**ACTION ITEM**: The lines below from the one with "행사를 계기로 군민들이" up to and including the one with "Twin over Full" are what you should set down, exactly and without pictures.

########################################

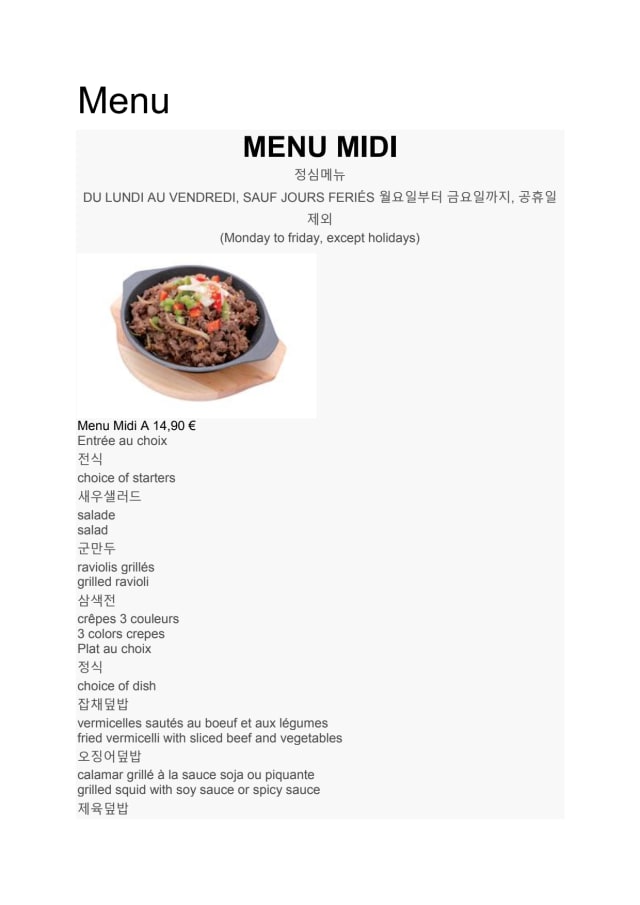 10/10The service is always very good. Food wise it depends on the dishes. But certainly better than many Korean restaurants in the Marais. It has become my usual lunch spot these days !!
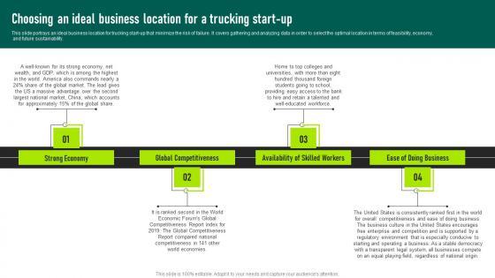This slide portrays an ideal business location for trucking start up that minimize the risk of failure. It covers gathering and analyzing data in order to select the optimal location in terms of feasibility, economy, and future sustainability.Create an editable Choosing An Ideal Business Location Trucking Services Business Plan Icons Pdf that communicates your idea and engages your audience. Whether you are presenting a business or an educational presentation, pre-designed presentation templates help save time. Choosing An Ideal Business Location Trucking Services Business Plan Icons Pdf is highly customizable and very easy to edit, covering many different styles from creative to business presentations. Slidegeeks has creative team members who have crafted amazing templates. So, go and get them without any delay. This slide portrays an ideal business location for trucking start up that minimize the risk of failure. It covers gathering and analyzing data in order to select the optimal location in terms of feasibility, economy, and future sustainability.
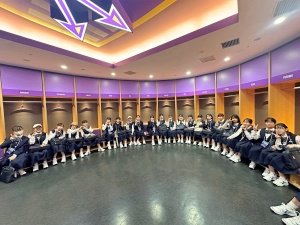 2026.04.201学年は「エディオンピースウィング広島」のスタジアム見学と校内レクリエーションを行いました。見学では選手のロッカールームやVIPルームにも入ることができ、貴重な体験となりました。レクリエーションでは「ジャンボリミッキー!」を全員で踊り、楽しい時間を過ごしました。
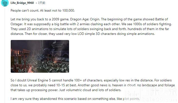 有网友展示了2009年《龙腾世纪:起源》开头的奥斯特加战役,认为可能是UE5还无法做到百人同屏
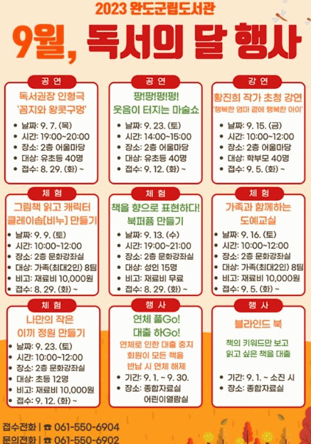 한지영 문화예술과장은 “독서의 달 행사를 계기로 군민들이 도서관과 더욱 가까워지고 독서의 즐거움을 발견하는 기회가 되길 바란다”라고 말했다.
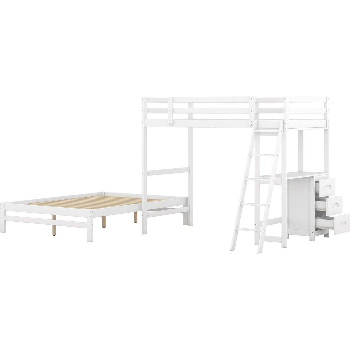 Twin over Full Bunk Bed with Built-in Desk and Three Drawers,White
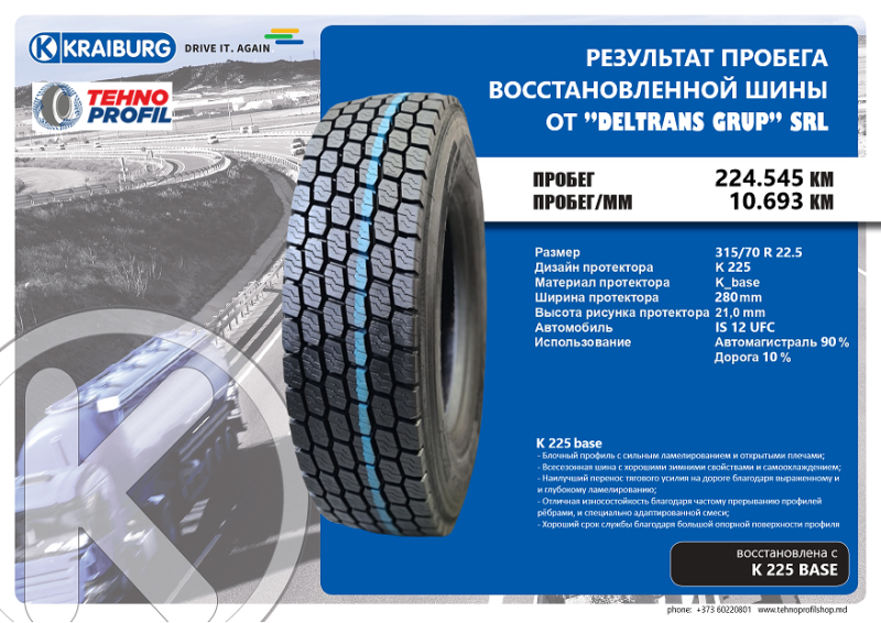 24 декабря 2020 года шины 315/70R22,5 были восстановлены каркасы шин Michelin на премиум протекторе K225_base шириной 280 мм. При монтаже данных восстановленных шин, в декабре 2020 года, на грузовик с рег. ном. IS 12 UFC, были зафиксированы показания спидометра, составляющие на тот момент 285 055 км. По состоянию на 01.02.2023, спустя 2 года, данные шины износились и показания спидометра составили 509600 км. Таким образом, данные шины "пробежали" 224 545 км.
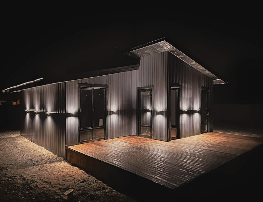 Дом каркасного типа с современной внешней отделкой и освещением фасада по периметру.
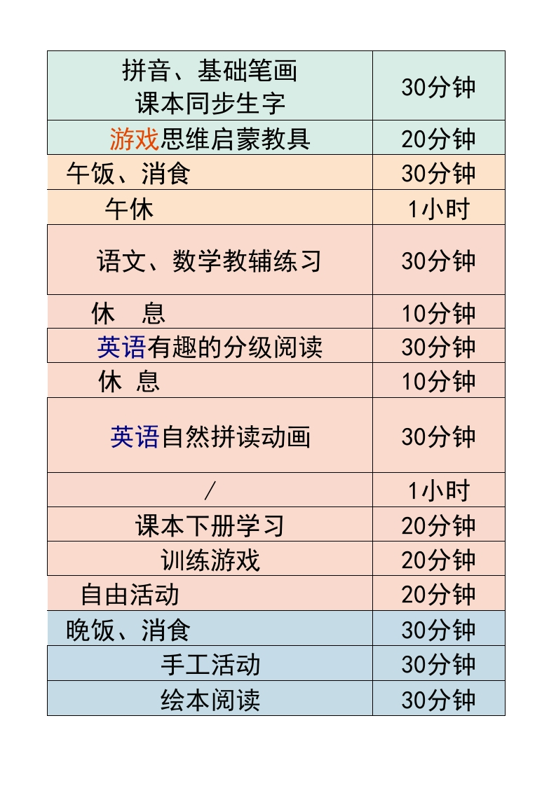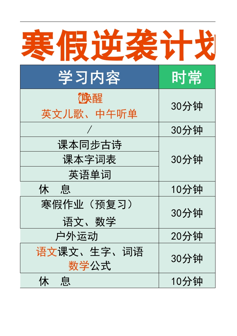 一年级-寒假衔接逆袭计划表tangqi889小时前发布关注私信15.62KB12页04514 第1页 / 共12页 第2页 / 共12页 第3页 / 共12页 第4页 / 共12页 第5页 / 共12页 试读已结束,还剩7页,您可下载完整版后进行离线阅读 一年级-寒假衔接逆袭计划表此内容为付费资源,请付费后查看¥9.9¥19.9VIP会员免费立即购买您当前未登录!建议登陆后购买,可保存购买订单付费资源© 版权声明本站是一个信息分享及获取的平台,不确保部分用户上传资料的来源及知识产权归属,资料由老师投稿,公开渠道整理,网友上传,如果侵犯到您的权益,请联系客服删除THE END教师资料 文本预览 2026版时间任务8:00-8:30起床8:30-9:00早餐上9:00-9:30晨读9:30-9:40午9:40-10:10塞假作业10:10-10:30运动健身10:30-11:00预习11:00-11:10 查看更多 收起部分 喜欢就支持一下吧点赞14 分享QQ空间微博QQ好友海报分享复制链接收藏
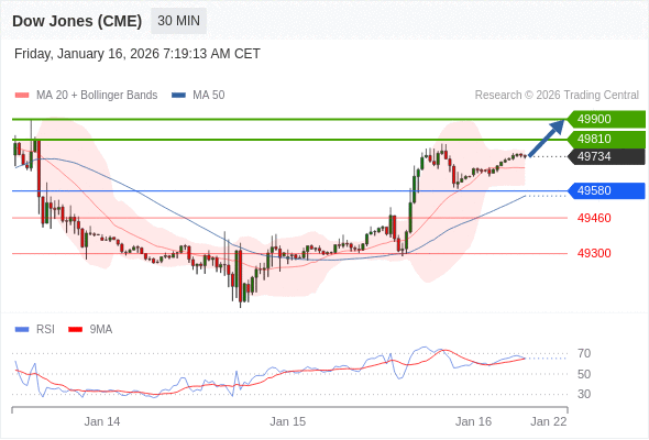 在 49580 之上,看涨,目标价位为 49810 ,然后为 49900 。
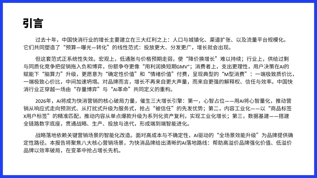 《2026快消AI营销增长白皮书》明确指出,2026年将成为快消行业AI营销的转折点,行业竞争将从简单的价格战和预算比拼,升级为解释权、信任与效率的全方位较量。

########################################

**RESPONSE**:
 한지영 문화예술과장은 “독서의 달 행사를 계기로 군민들이 도서관과 더욱 가까워지고 독서의 즐거움을 발견하는 기회가 되길 바란다”라고 말했다.
 Twin over Full Bunk Bed with Built-in Desk and Three Drawers,White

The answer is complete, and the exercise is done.